In the latest revision, made changes to delete FeatureWavefrontSize32 functions for gfx9 and below targets that don't support the mode
llvm/lib/Target/AMDGPU/AMDGPURemoveIncompatibleFunctions.cpp | ||
---|---|---|
162–163 | Can you explain in the comment why we need to check this separately? | |
164 | IMO there is no need to make a separate bool, just inline it in the if, but no strong preference here (though make the bool const if you keep it) | |
164–165 | IMO the first variable isn't really needed, just inline the check in the if. The second one could also just be inlined because the feature won't change, but no strong preference here. If you keep either/both of them, make them const though. | |
167–173 | Moving this into a helper (e.g. reportFunctionRemoved(Fn, Feature)) would be better than duplicating the code |
I think we need to similarly remove a wavefrontsize64 function if compiling in wave32 mode.

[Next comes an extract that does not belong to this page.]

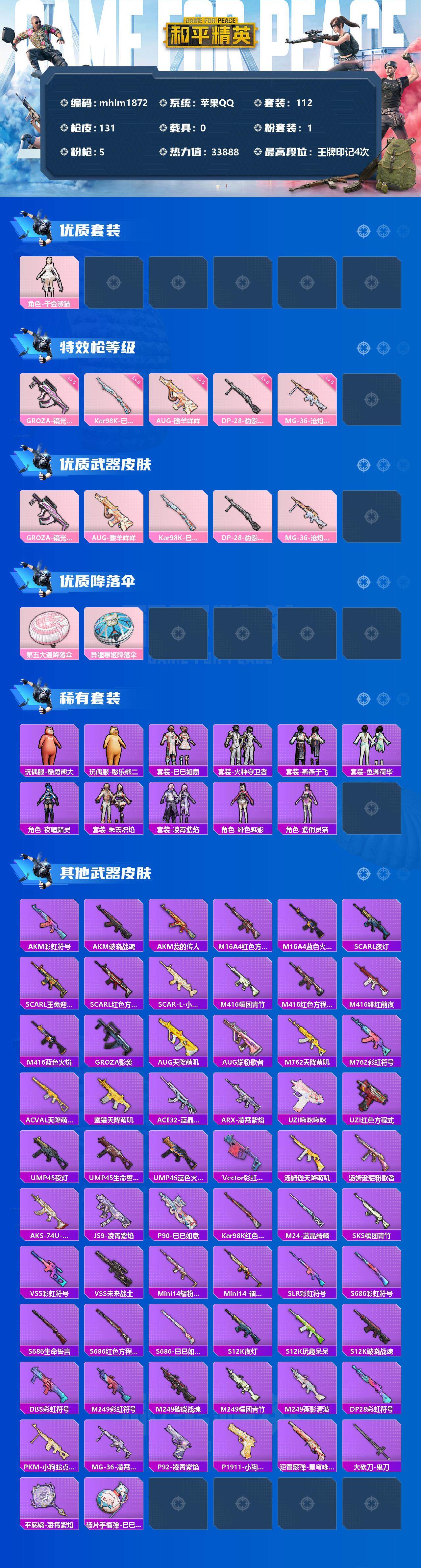 【mhlm1872】苹果 手Q-1粉装-5特效枪-0载具-0粉色飞行器-33888热力值-4王牌印记-112套装-131枪皮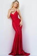 Navigate the ballroom with poise and sultry flair in this sleekly rendered Jovani 23010 creation. Festooned with glimmering rhinestone details cascading the sleekly tailored silhouette. this exceptional piece hung from spaghetti straps down to a deep v-neckline. Perfectly styled with a nipped waist and a sexy open back with a lace up design that ties stunningly. Donning rhinestone adornments. the mermaid skirt sculpts and flutters into a sweeping finish. Bask under the shimmering limelight while parading this Jovani masterpiece. Models are pictured wearing the Light Blue. Red. and Royal colors.

I think this is a reasonable request but it's an extension to what this pass currently does.
- Currently the pass removes functions that rely on features not supported by the -mcpu= GPU.
- The extension would be to remove functions that rely on features not supported by the -mcpu= GPU as modified by any -mattr= options.
Does that make sense? If so can we please implement that in a generic way instead of having a special hack for wave32/wave4 features?
It makes sense to me. The library doesn't need it currently, but there has been a use case to detect CUmode in the headers, and that could arrive in the library where it would be useful to rely on either the CUmode or WGPmode version of a function to be removed depending on the mode.
llvm/test/CodeGen/AMDGPU/remove-incompatible-wave32-feature.ll | ||
---|---|---|
31–33 | Note these functions don't really "require" wave 32. They will codegen just fine without it |
@arsenm AFAIU, This condition checks that (for ex.) if wave32 mode is enabled and current GPU doesn't support waveforntsize32 feature, then that function should be deleted.
This inherently fulfills the condition "delete wave32 functions for <gfx10 targets that don't support the mode" ? Please let me know if I'm missing anything here.